Concordance between indirect fibrosis and steatosis indices and their predictors in subjects with overweight/obesity

Eat Weight Disord. 2022 Oct;27(7):2617-2627. doi: 10.1007/s40519-022-01400-y. Epub 2022 May 9.

Abstract

Background: The non-invasive assessment of steatosis/fibrosis tried to overcome some of peri-procedural risk of liver biopsy; for this, several indices of steatosis and fibrosis in liver have been proposed.

Aim: To evaluate concordance of non-invasive fibrosis and steatosis indices in a large population of adult subjects at risk of NAFLD, and how obesity and its physio-pathological features may interact with steatosis/fibrosis indexes and related biomarkers of cardio-metabolic risk.

Methods: Indices of steatosis (fatty liver index-FLI), NAFLD liver fat score-NLFS)) and fibrosis (Fibrosis 4 (FIB-4), BARD, BAAT and FORN) were calculated in 1145 outpatients with overweight or obesity at risk for T2D and NAFLD. Indices were correlated with clinical variables.

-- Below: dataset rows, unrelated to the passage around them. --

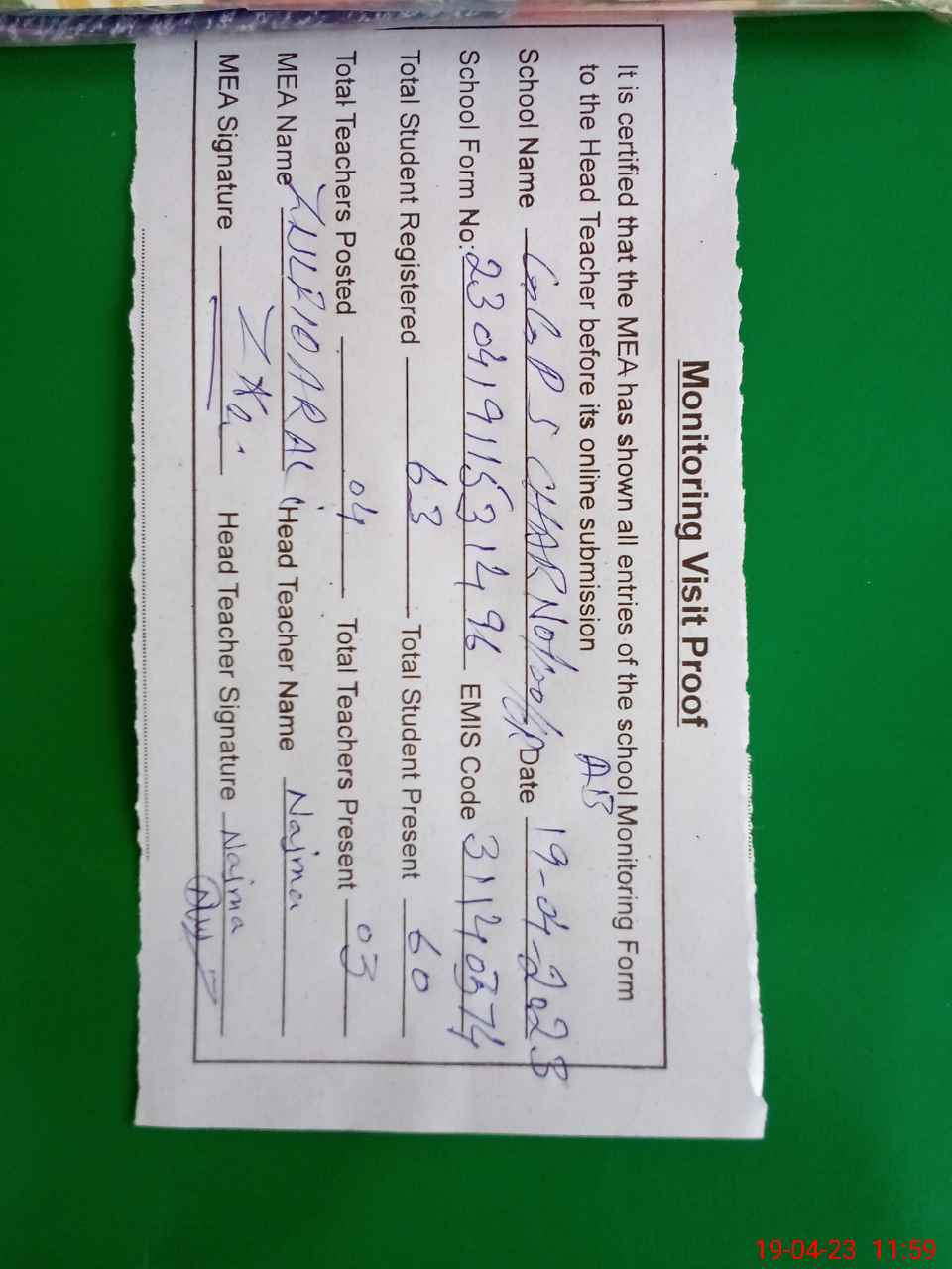 | Attendance Register | Head Teacher | MEA with School | Visit Proof |
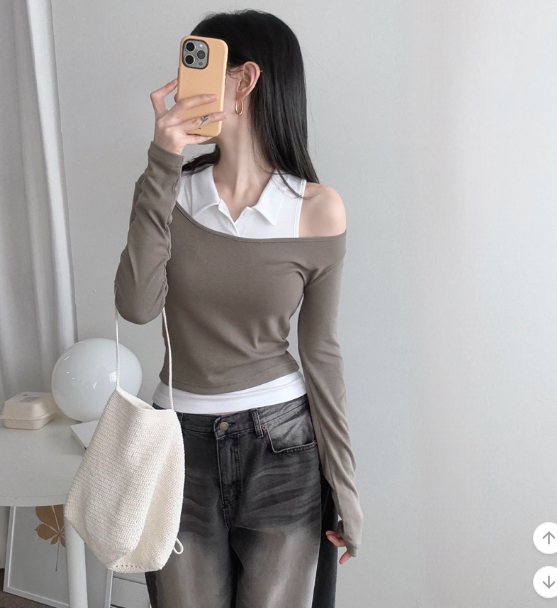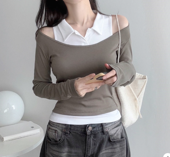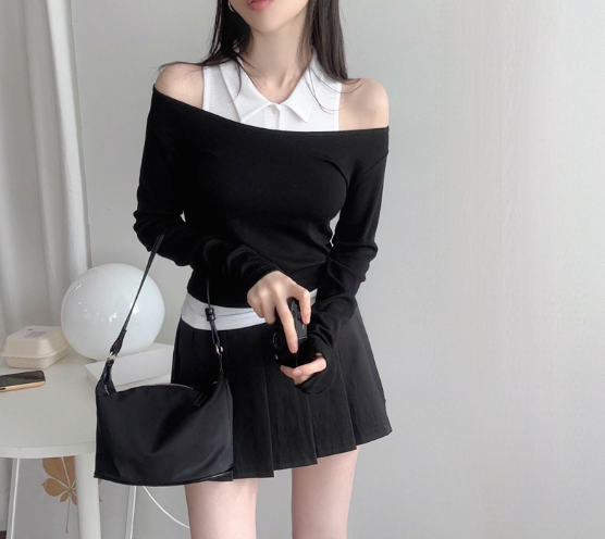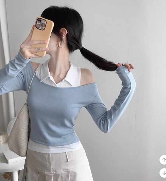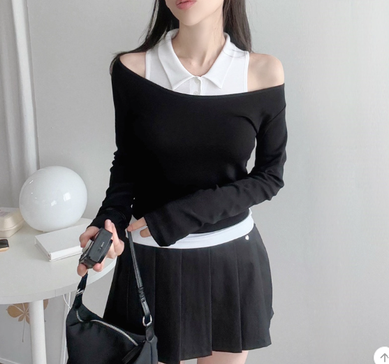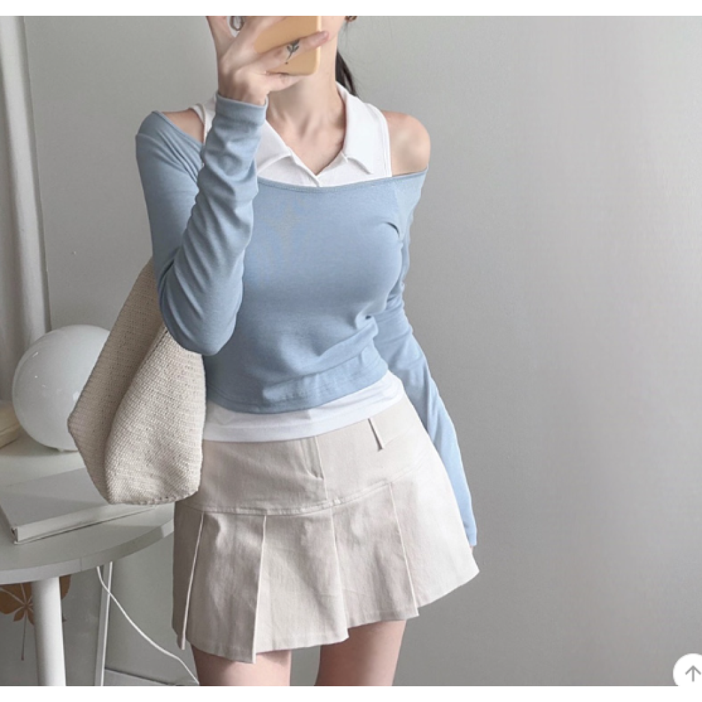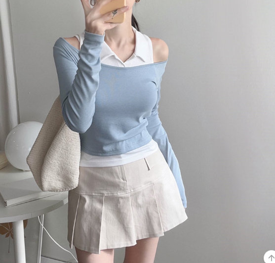 反領背心配長袖T恤【5色入】
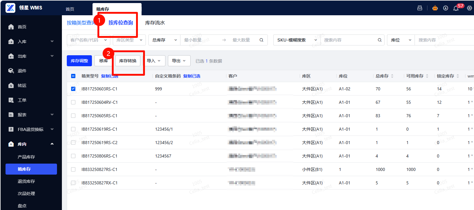 当客户想要把原本准备做备货中转的产品、转做一件代发业务时,我们我们可以使用库存转换功能,将箱库存转换成产品库存。路径:【库内】-【箱库存】-【按库位查询】-【库存转换】第一步:勾选需要调整的SKU,点击【库存转换】,也可以搜索需要调整的SKU再进行勾选
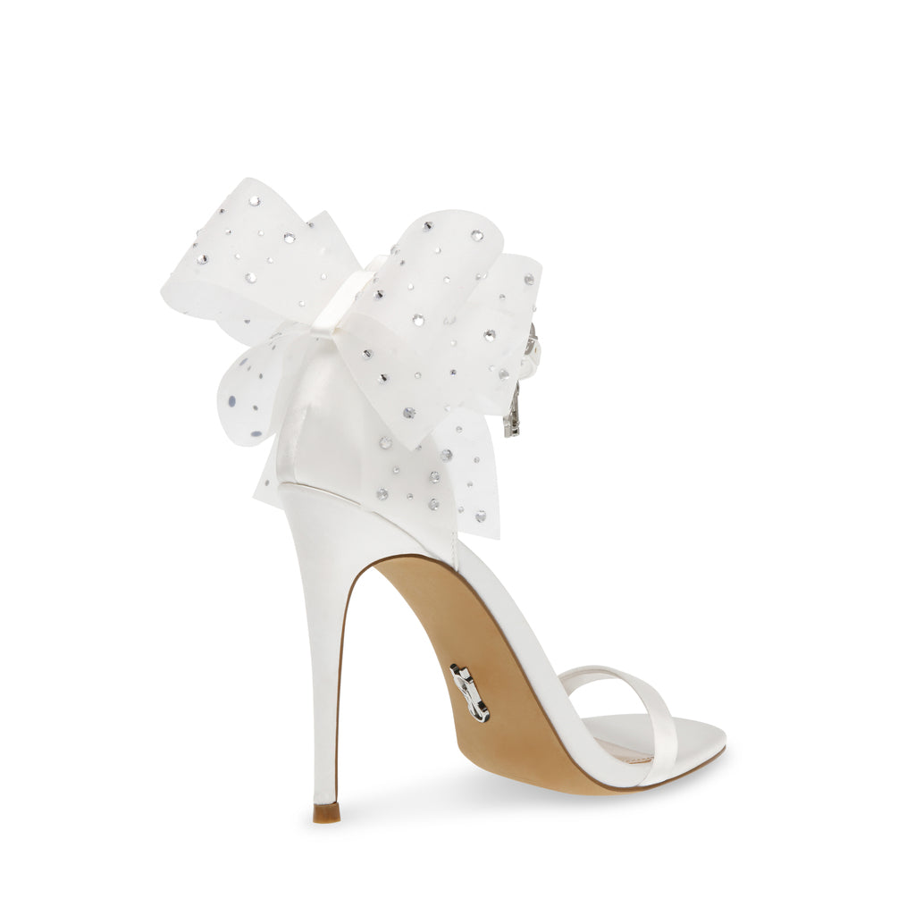 The NIKOLE sandal features a stiletto heel and a round toe, giving the design sleek lines that contrast with the voluminous bow at the back of the ankle.
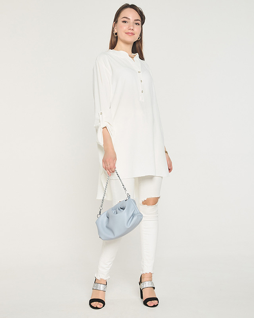 Dámske biele dlhé tričko na gombíky - Oblečenie
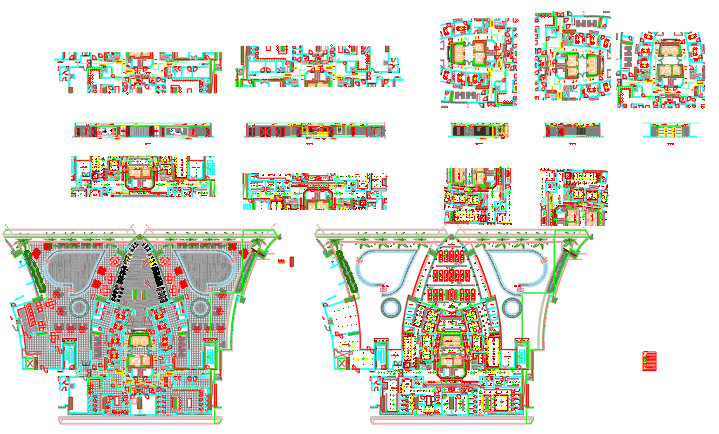 Here is an autocad dwg file for details of the furniture layout plan drawing and ceiling layout section drawings layout for a club house .
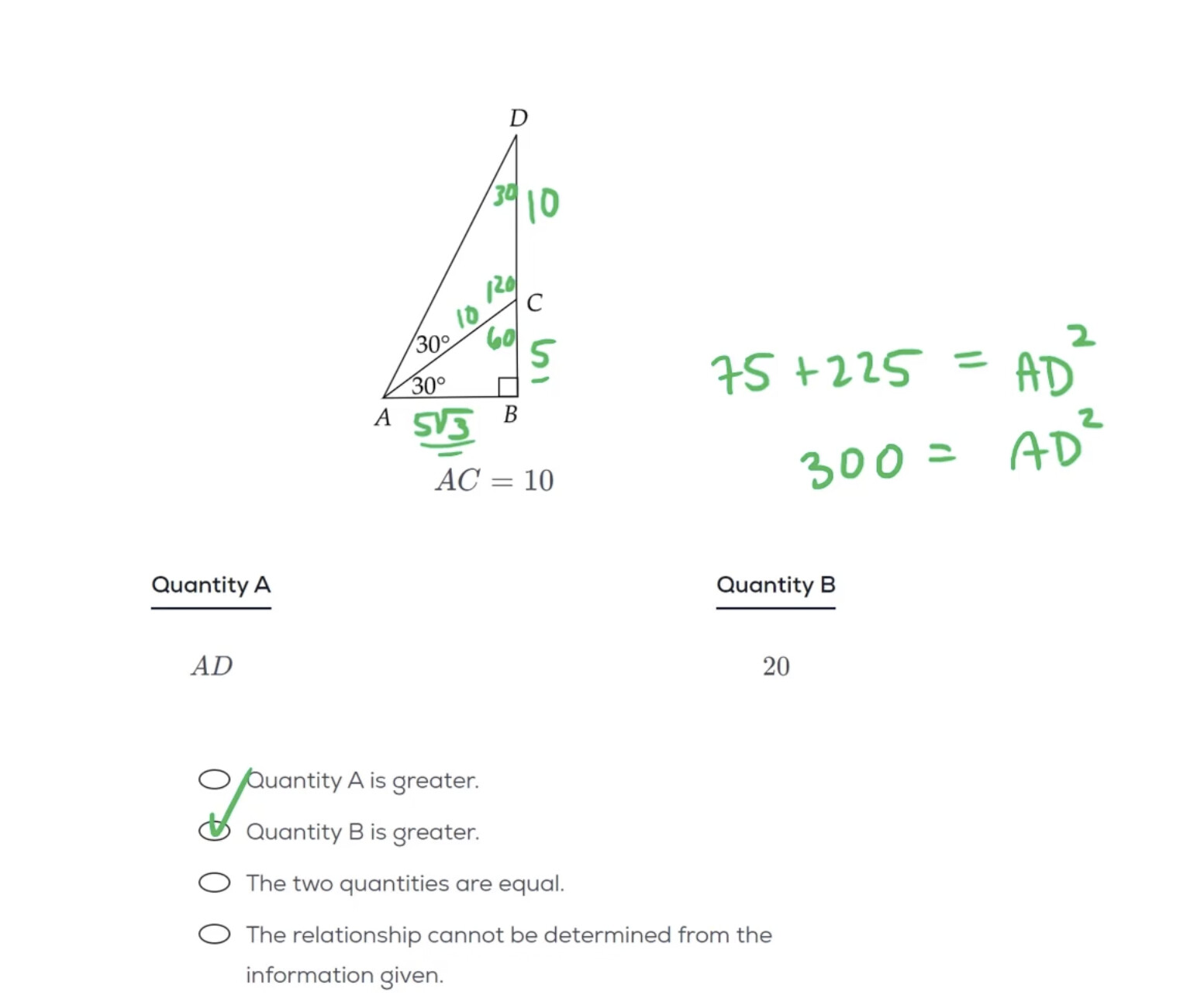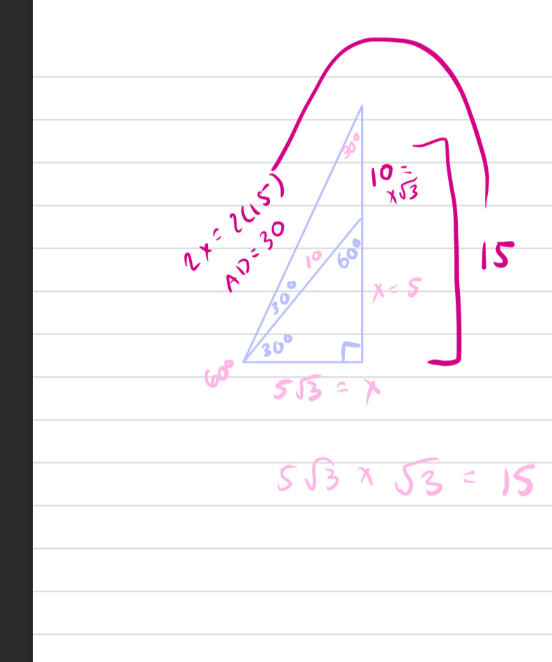 For the last question on quiz #10, why does greg solve it with pythagorean theorem so the result of AD is 17.4 and not with the 30 -60-90 rule like i did below where AD = 30
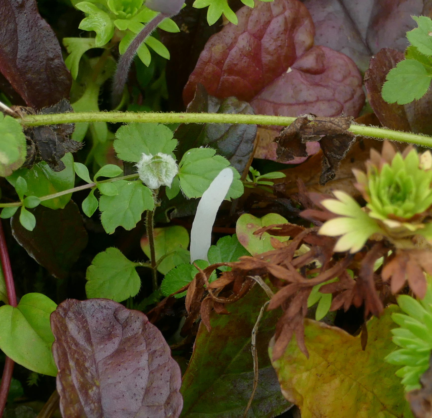 The day after Lynne had told me about her exciting find, a much more benign sounding fungus popped up in our created grass free “wildflower meadow” just outside our front door. I hadn’t found this fungus before on our property, and it’s commonly called either “White Spindles”, “White Worm Coral” or “Fairy Fingers”, Clavaria fragilis, below. Click here for more on this fungus.
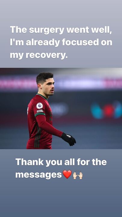 "A operação correu bem. Já estou focado na minha recuperação", escreveu o internacional português, na sua página oficial no Instagram.
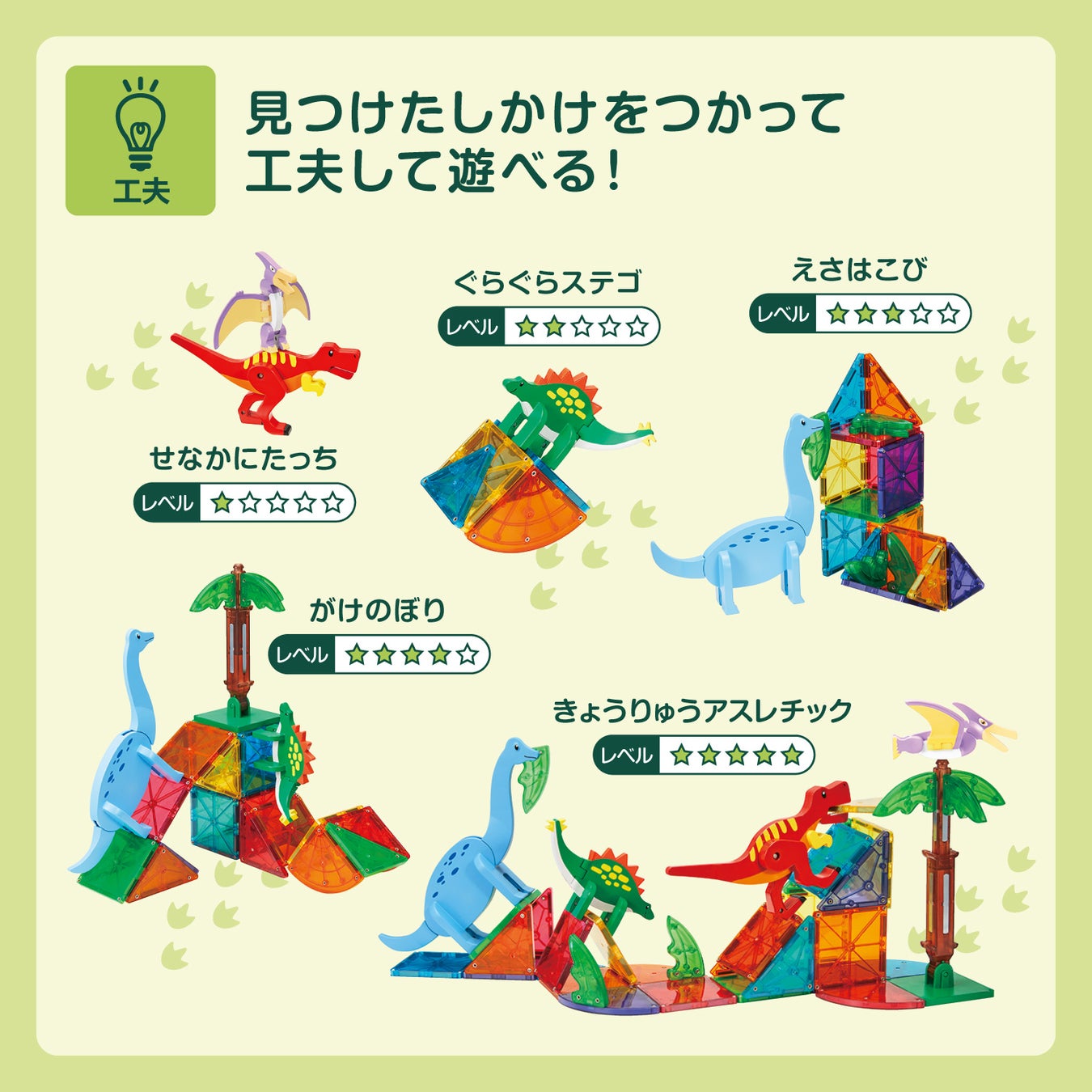 磁石の力で平面から立体へ、空間認識力を育てる知育玩具「ピタゴラス®」シリーズに、子どもたちに根強い人気の「恐竜」をテーマにした新商品が加わります。
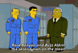 Race Banyon and Buzz Aldrin, the second man on the moon. Second comes right after first. So, Barney, we hear you're kickin' ass. I, uh, don't think this contest is over yet, Buzz,
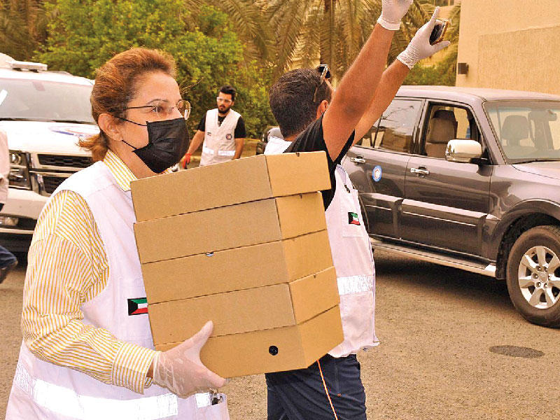 وقالت الأمينة العامة لجمعية الهلال الأحمر، مها البرجس، إن "الجمعية كانت في صدارة المشهد منذ اللحظات الأولى، جنبا إلى جنب مع وزارة الصحة ووزارات الدولة المختلفة".وكشفت البرجس لـ "الجريدة" أن إجمالي عدد المتطوعين في الجمعية بلغ 1252 متطوعا بواقع 909 ذكور و343 أنثى. وأعلنت توزيع 6 آلاف سلة غذائية على عمال المدارس وغيرهم من العاملين في عدد من مؤسسات الدولة، إضافة إلى توزيع نحو 25 ألف وجبة غذائية على العمال في أمغرة وصبحان والمهبولة وبنيد القار وشرق وغيرها حتى اللحظة. وقالت إن جميع المتطوعين لم يتوانوا عن تلبية نداء الواجب الإنساني ووهبوا جميع طاقاتهم لمساعدة المواطنين والمقيمين.لجنة داخلية
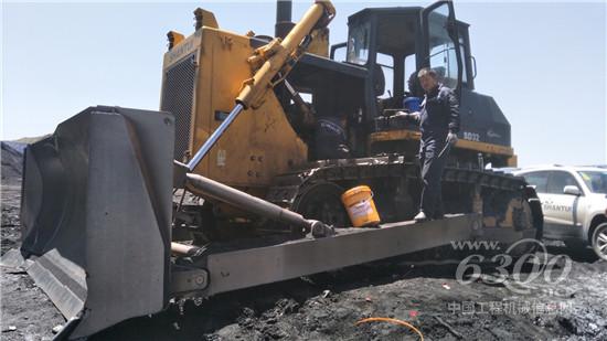 ?山推服務(wù)人員正在給設(shè)備做保養(yǎng)
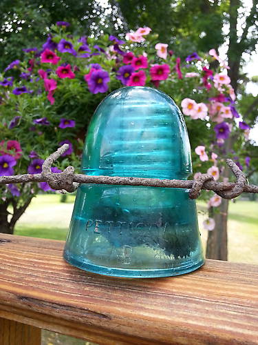 This is a beautiful deep blue colour with the original old cast iron tie wire still intact just as we found it. A real nice waterfall of milk cascades down from the dome for even a bit more character. The inner skirt is pretty well wasted but she displays wonderfully. [070] Thanks for looking! SALE SALE SALE- NOW $30.00 Plus Shipping |
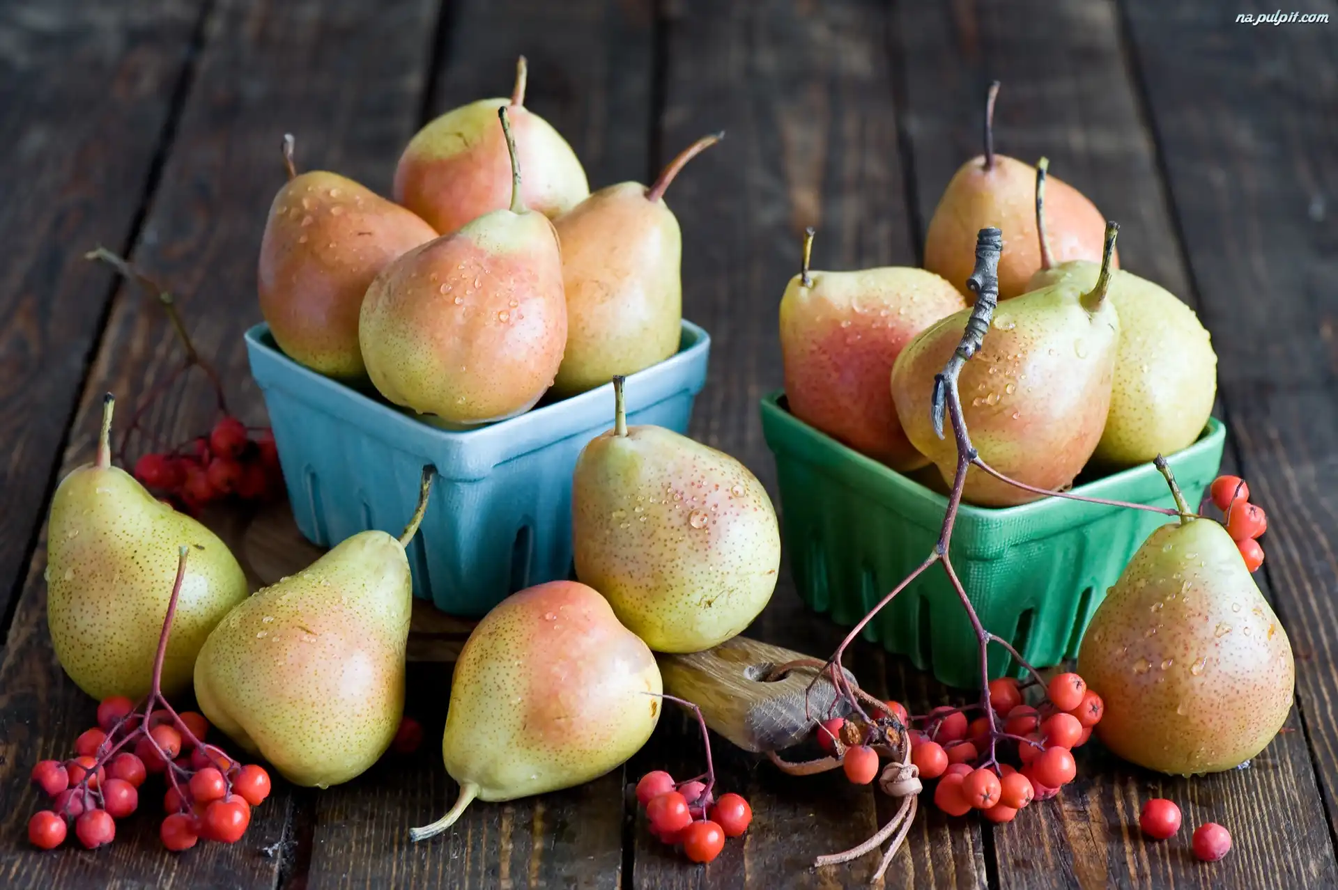 Gruszki, Wody, Pojemniki, Jarzębina, Kompozycja, Krople Na Pulpit

Results: Concordance between tests occurred in 81% of the overall values between FLI and NLFS, but was lower when comparing the other fibrosis scores (FIB-4 vs FORN 72%, FIB-4 vs BARD 36%, BARD vs FORN 46%, BARD vs BAAT 58%, FIB-4 vs BAAT 46%, BAAT vs FORN 62%). Each index was differently correlated with anthropometric, clinical and laboratory variables.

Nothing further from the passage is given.